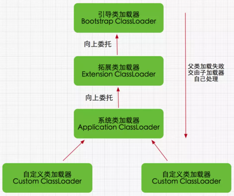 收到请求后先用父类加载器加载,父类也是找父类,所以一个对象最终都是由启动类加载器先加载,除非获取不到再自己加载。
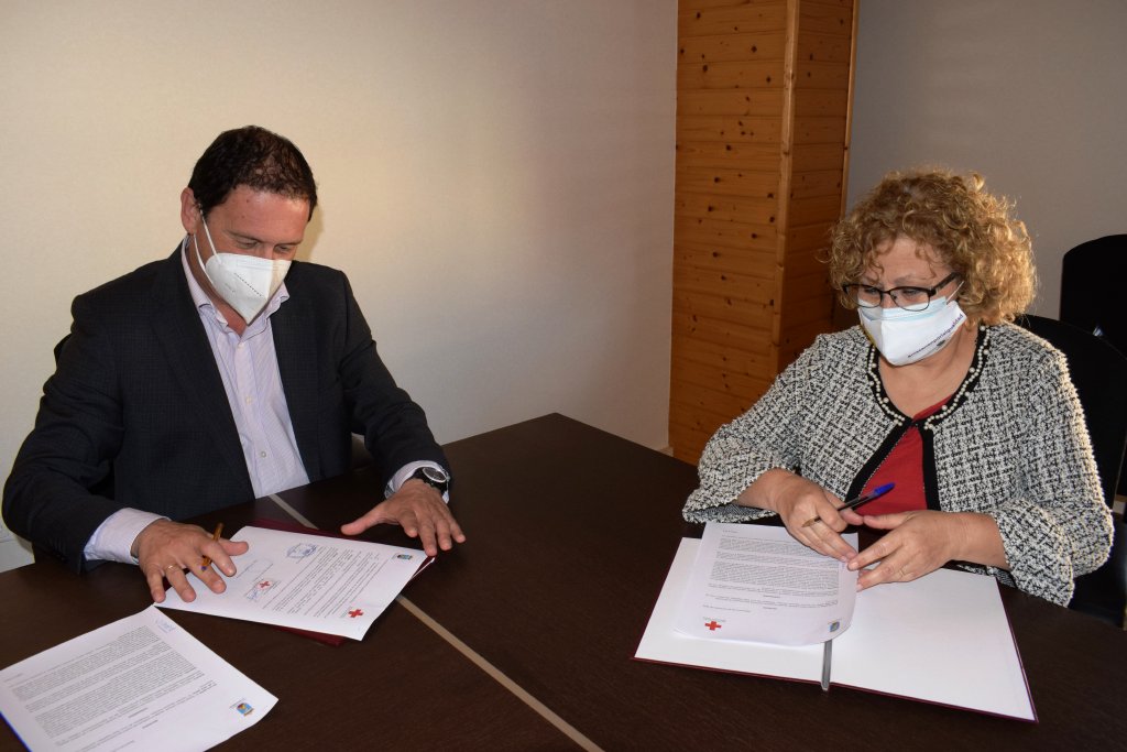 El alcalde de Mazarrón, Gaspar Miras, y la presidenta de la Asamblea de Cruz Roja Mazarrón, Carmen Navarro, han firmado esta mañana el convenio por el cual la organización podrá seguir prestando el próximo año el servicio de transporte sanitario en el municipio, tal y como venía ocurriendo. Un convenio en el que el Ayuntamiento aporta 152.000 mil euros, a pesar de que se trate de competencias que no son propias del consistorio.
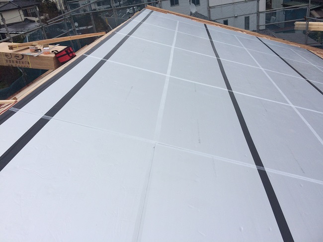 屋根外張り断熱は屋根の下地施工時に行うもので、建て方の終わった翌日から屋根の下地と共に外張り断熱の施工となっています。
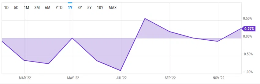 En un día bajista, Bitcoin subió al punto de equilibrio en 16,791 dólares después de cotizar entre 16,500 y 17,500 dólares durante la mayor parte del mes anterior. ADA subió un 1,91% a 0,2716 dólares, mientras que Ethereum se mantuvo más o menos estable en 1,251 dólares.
...
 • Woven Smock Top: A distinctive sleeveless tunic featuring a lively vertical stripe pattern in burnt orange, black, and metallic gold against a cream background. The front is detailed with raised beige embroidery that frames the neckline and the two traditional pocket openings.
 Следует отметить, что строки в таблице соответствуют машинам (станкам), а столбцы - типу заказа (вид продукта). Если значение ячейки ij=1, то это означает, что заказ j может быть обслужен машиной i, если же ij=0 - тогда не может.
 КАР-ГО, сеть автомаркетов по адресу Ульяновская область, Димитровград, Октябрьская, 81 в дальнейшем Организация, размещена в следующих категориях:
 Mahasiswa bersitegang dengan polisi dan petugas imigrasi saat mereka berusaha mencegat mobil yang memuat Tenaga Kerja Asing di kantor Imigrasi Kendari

_Task to complete_.
Of the lines above, retype only those from the line containing "traditional pocket openings." through the line containing "Mahasiswa bersitegang dengan", including both, exactly.

_Written solution_.
 • Woven Smock Top: A distinctive sleeveless tunic featuring a lively vertical stripe pattern in burnt orange, black, and metallic gold against a cream background. The front is detailed with raised beige embroidery that frames the neckline and the two traditional pocket openings.
 Следует отметить, что строки в таблице соответствуют машинам (станкам), а столбцы - типу заказа (вид продукта). Если значение ячейки ij=1, то это означает, что заказ j может быть обслужен машиной i, если же ij=0 - тогда не может.
 КАР-ГО, сеть автомаркетов по адресу Ульяновская область, Димитровград, Октябрьская, 81 в дальнейшем Организация, размещена в следующих категориях:
 Mahasiswa bersitegang dengan polisi dan petugas imigrasi saat mereka berusaha mencegat mobil yang memuat Tenaga Kerja Asing di kantor Imigrasi Kendari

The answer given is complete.